Study Claims Highly Resistant Superbug Spreading From South Asia

The gene was found in British patients who had traveled to India and Pakistan for plastic surgery and other medical procedures.

WASHINGTON -- On August 10, the World Health Organization (WHO) announced the end of a global health threat: The H1N1 virus, or swine flu, was no longer a pandemic.

But just 24 hours later, the world learned of a new threat, in the form of a superbug that could spread around the world, transforming existing bacteria into highly resistant forms.

And there are almost no drugs to treat it.

This new superbug, according to the British medical journal "Lancet," contains a gene that can jump between bacteria, making them nearly impervious to antibiotics.

"What's happening as this resistance spreads, is that infections caused by these bacteria become much harder to treat," said David Livermore, who tracks antibiotic resistance at Britain's Health Protection Agency and who co-authored the study cited in the journal. "Usually there are still one or two antibiotics that remain active, but we're scraping the bottom of the barrel."

Tummy Tuck, Then?

The gene, known as New Delhi Metallo-beta-lactamase, or NDM-1, was found in British patients who had traveled to India and Pakistan for plastic surgery and other medical procedures. It was first identified last year in a Swedish patient who had spent time in an Indian hospital.

NDM-1 makes bacteria highly resistant to almost all antibiotics, including the most powerful class, called carbapenems, which are usually reserved for emergency use and to treat other drug-resistant infections.

According to the new study, the occurrence of the gene -- and the supercharged infections that it causes -- is on the rise.

Findings suggest that it is already circulating widely in India, where the health system is much less likely to identify its presence or have adequate antibiotics to treat patients. Researchers identified 44 cases of NDM-1-positive bacteria in Chennai, and over 100 more in other cities in India, Pakistan, and Bangladesh.

In the United Kingdom, the gene has so far been identified in 37 people, all of whom underwent surgery in Southeast Asia. The bug has also been detected in Australia, Canada, the Netherlands, and Sweden. According to the U.S. Centers For Disease Control (CDC), the first three occurrences of the gene in the United States appeared in the first half of 2010, all in patients who had received recent medical care in India.

Not Widespread...Yet

Still, the numbers of people who have been identified with the gene remains very small. But the study's authors say that with the "medical tourism" industry booming, and call "the potential of NDM-1 to be a worldwide public health problem is great."

They also warn of the bug's "alarming potential to...diversify." To date, the gene has only been found attached to strains of pneumonia and E. coli, but with the ability to jump between bacteria, it could produce strengthened versions of a host of other infections.

"The resistance [could] spread along lots of different bacteria and the resistant bacteria [could] spread among lots of patients," Livermore said. "And then we would be in real trouble.
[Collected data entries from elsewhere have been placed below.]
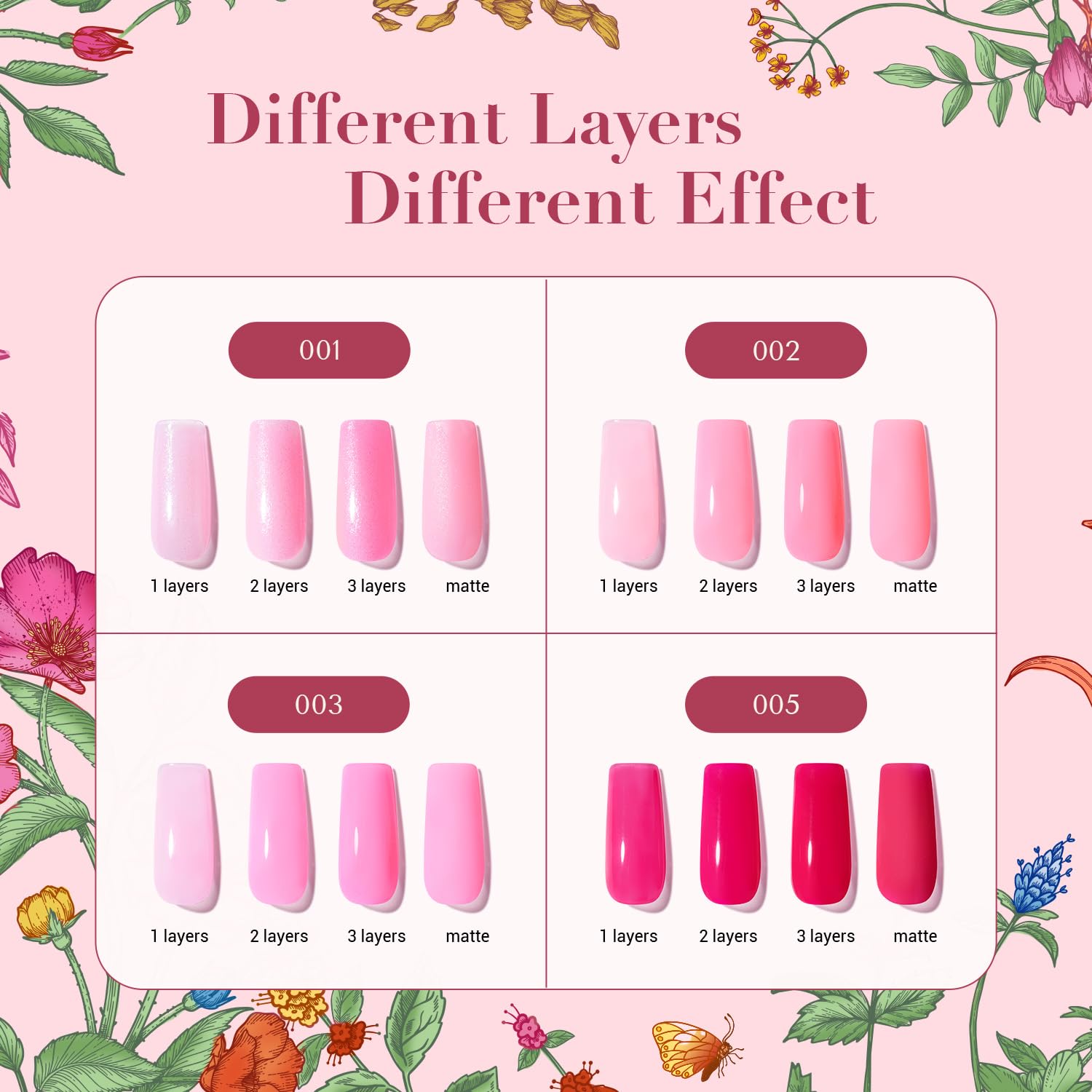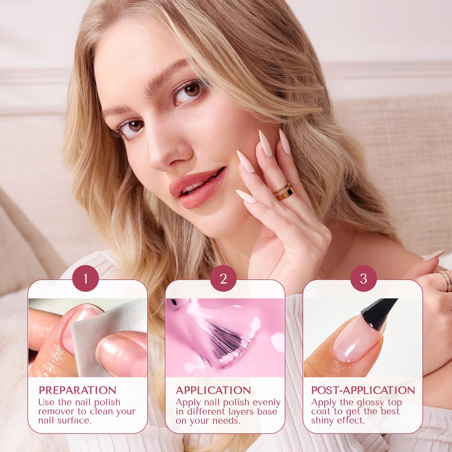 High Gloss Shine & Multiple Effects: Our Top Coat finish prevents scratches, chips, and smudges while increasing color saturation by 20%, making your nails shine more. Different layers produce different effects – one layer creates a jelly transparent look while two layers result in a deepened pink appearance according to your preferences
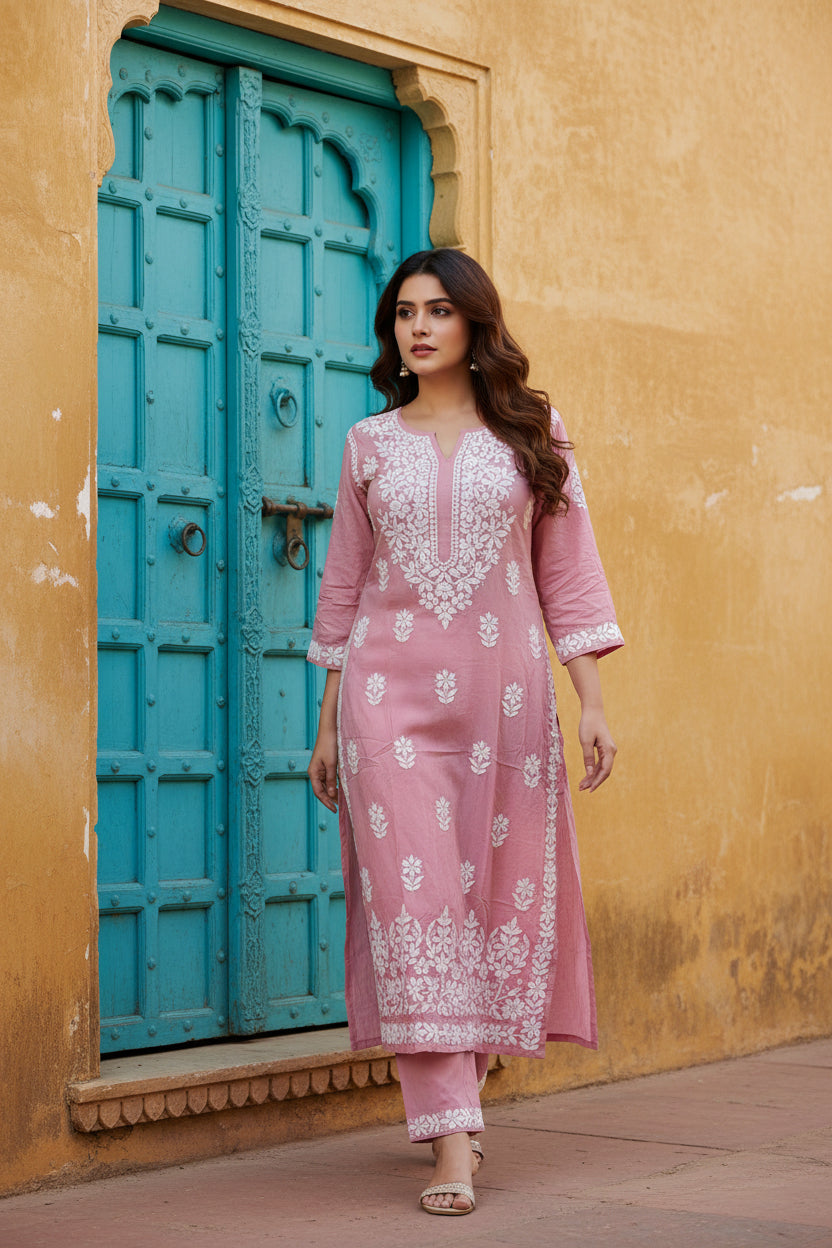 Discover the elegance and intricacy of our Modal 3D Chikenkari Kurti. Made with soft modal fabric and adorned with beautiful 3D chikenkari work, this kurti is a perfect blend of style and comfort. Elevate your wardrobe with this stunning Onion Pink piece.
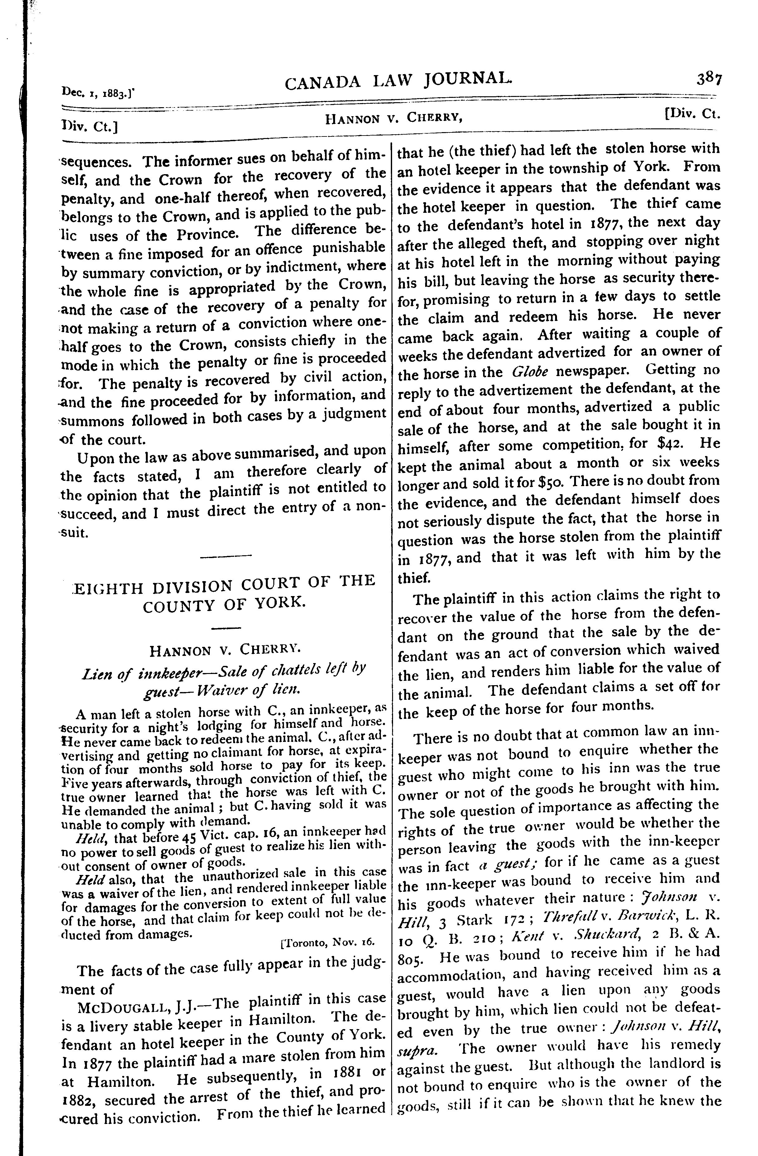 - Canada law journal [Vol. 19, no. 20 (Dec. 1, 1883)]
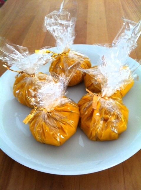 ⑥ココット皿にラップを敷いて、冷やしてペースト状になったカボチャを入れる
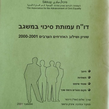 שוויון ושילוב האזרחים הערבים 2000-2001 חינוך | תשתיות | שטחי שיפוט | מקום מגורים ורמת שכר עורך: שלום (שולי) דיכטר | תחקיר וכתיבה: איציק גרשוני | הפקה והבאה לדפוס: מיכל בליקוף | עריכה לשונית : יצהר ורדי | תרגום לערבית: חסן תרגומים | תרגום לאנגלית דבורה רייך | ספטמבר 2001 חוברת זו מופיעה גם בעברית … המשך דו"ח עמותת סיכוי במשגב
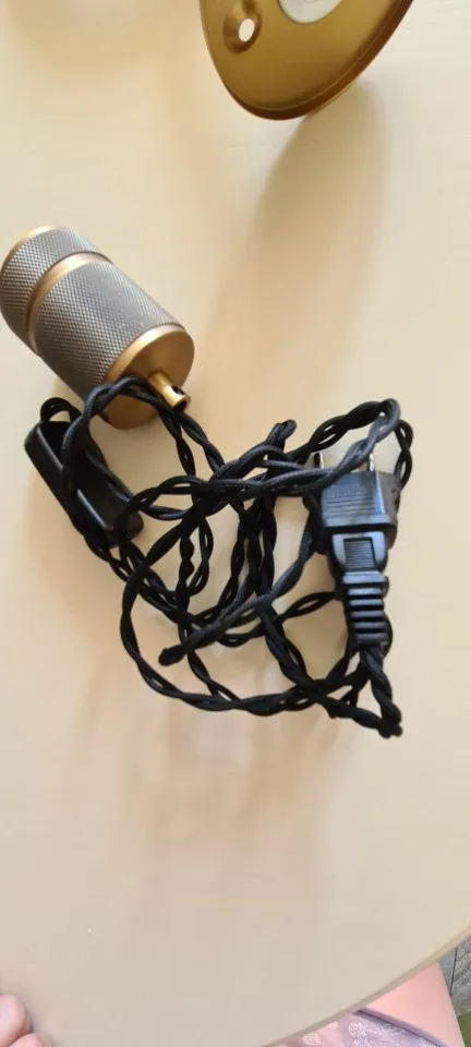 В целом выглядит прилично. Деталь с кольцом оказалась очень лёгкой, т. к. сварена из тонкостенной полой трубки. Есть ощущение, что при желании могу погнуть руками. Так что использовать конечно только для очень лёгкого, как раз вот для лампочки и подойдёт. Провод тоже выглядит хлипко. Но вроде больше тут и не надо. Жаль, что выключатель не ретро и не разборного типа...
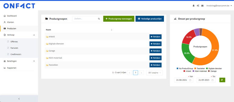 De werkwijze voor het exporteren van producten is gelijkaardig aan deze van klanten. Om de export te kunnen starten, moet je naar de volledige productlijst gaan. In het overzicht van de productgroepen, klik je op de blauwe knop 'Volledige productlijst'.&#x20;
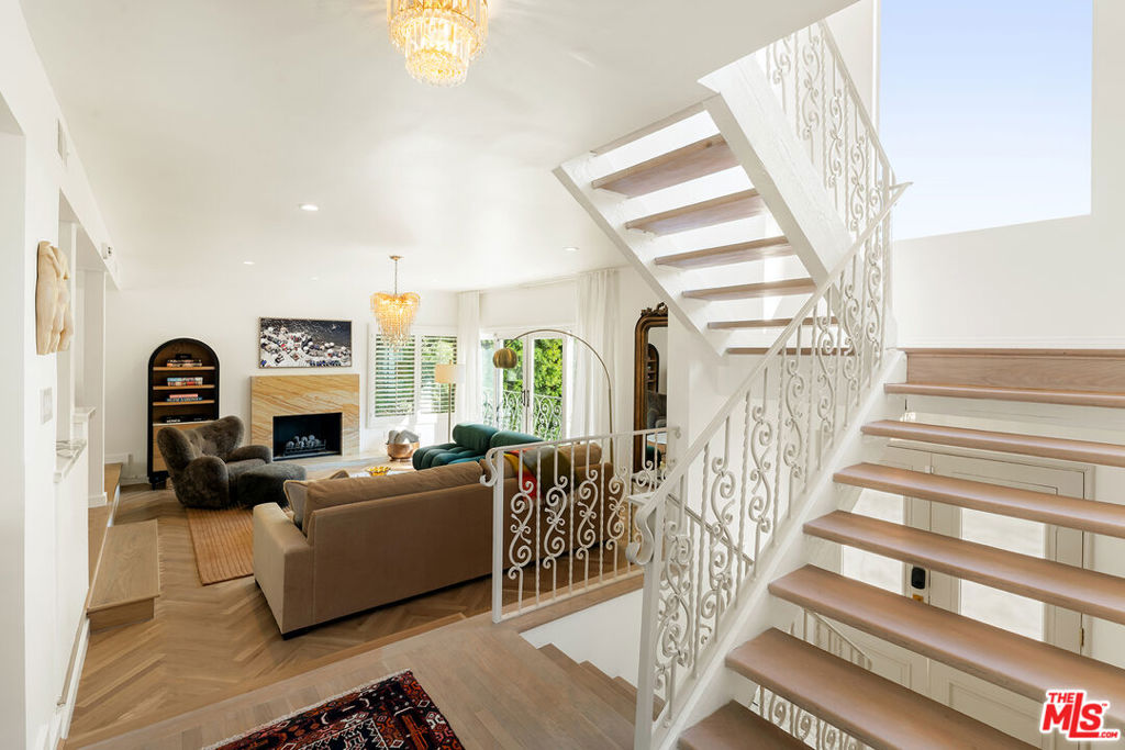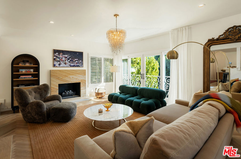 Nestled in a quiet 4 house cul de sac off of San Ysidro Drive, this recently renovated home with a fully equipped guest house is just minutes from everything Beverly Hills has to offer. Offered fully furnished and equipped. Completely ready for an easy move in. The main house creates ample curb appeal with large windows, ivory travertine stairs, and cream wrought iron accents. Nero Marquina & Emperador marble laid in a harlequin pattern sets the tone of the kitchen that includes a 9ft center island accented with shearling barstools, marble slab backsplash, Viking appliances, unlacquered brass hardware, commercial grade range, and brand new walk-in pantry. The formal dining and living rooms are laid out for seamless entertaining with a full bar, camel colored quartzite fireplace, large antique hutch for serving dinner parties, and sliding doors towards the front & back for open air. The moody powder room mixes Nero Marquina & Rojo Alicante marble with an overmount copper sink original to the house. There was special attention paid to opting for natural materials when designing the spaces including natural stones, wool rugs, linen curtains, cotton velvets, wool boucle, shearling/hides, and solid hardwood floors. Crystal chandeliers and a warm color palette invite you home. The primary suite features soaring vaulted ceilings, marble fireplace, walk-in closet, and Carrara marble bathroom with a clawfoot tub. The walkout lower level with Terrazzo floors throughout includes a spacious bedroom with en-suite Calacatta green + Calacatta gold marble & Picasso quartzite full bathroom, full laundry room, and access to the attached garage. The backyard is an oasis with an ivory travertine patio, saltwater pool with jacuzzi, outdoor dining for 10, and Viking grill. The spacious guest house is perched above the backyard and is fully equipped with its own kitchen w/ veined granite countertops, laundry, marble bath, built-in closet space, and wrap-around deck w/grill. Access to the guest house is separate via a side gate with its own address.

It would be much harder to treat a broad range of infections."

To counter the spread of the bug, Livermore and his team recommend increased investment in research on new antibiotics and the establishment of a global surveillance system.

Anders Ekblom, the global head of medicines development at AstraZeneca, the pharmaceutical company that manufactures carbapenem, or "last resort" antibiotic, said the industry was already working on the underlying problem.

He said experts have "long recognized the growing need for new antibiotics." Ekblom also noted that "bacteria are continually developing resistance to our arsenal of antibiotics and NDM1 is just the latest example."

Prior to infecting a person, the bacteria can be stopped through normal infection-control measures, such as properly disinfecting hospital equipment and frequent hand-washing with antibacterial soap.

Alex Kallen, a medical officer at the CDC, said that while the gene may be a troubling new example of a superbug, the phenomenon is far from new.

"I think, you know, these [bacteria] are very serious and highly resistant organisms, and so they are a very important public health issue," Kallen said. "But this new mechanism [NDM-1] in and of itself, as far as we know, isn't anything that's different than what we are already seeing in the United States right now."

International organizations are stressing the need to prevent infection before it occurs through normal control measures, such as properly disinfecting hospital equipment and frequent hand washing with antibacterial soap.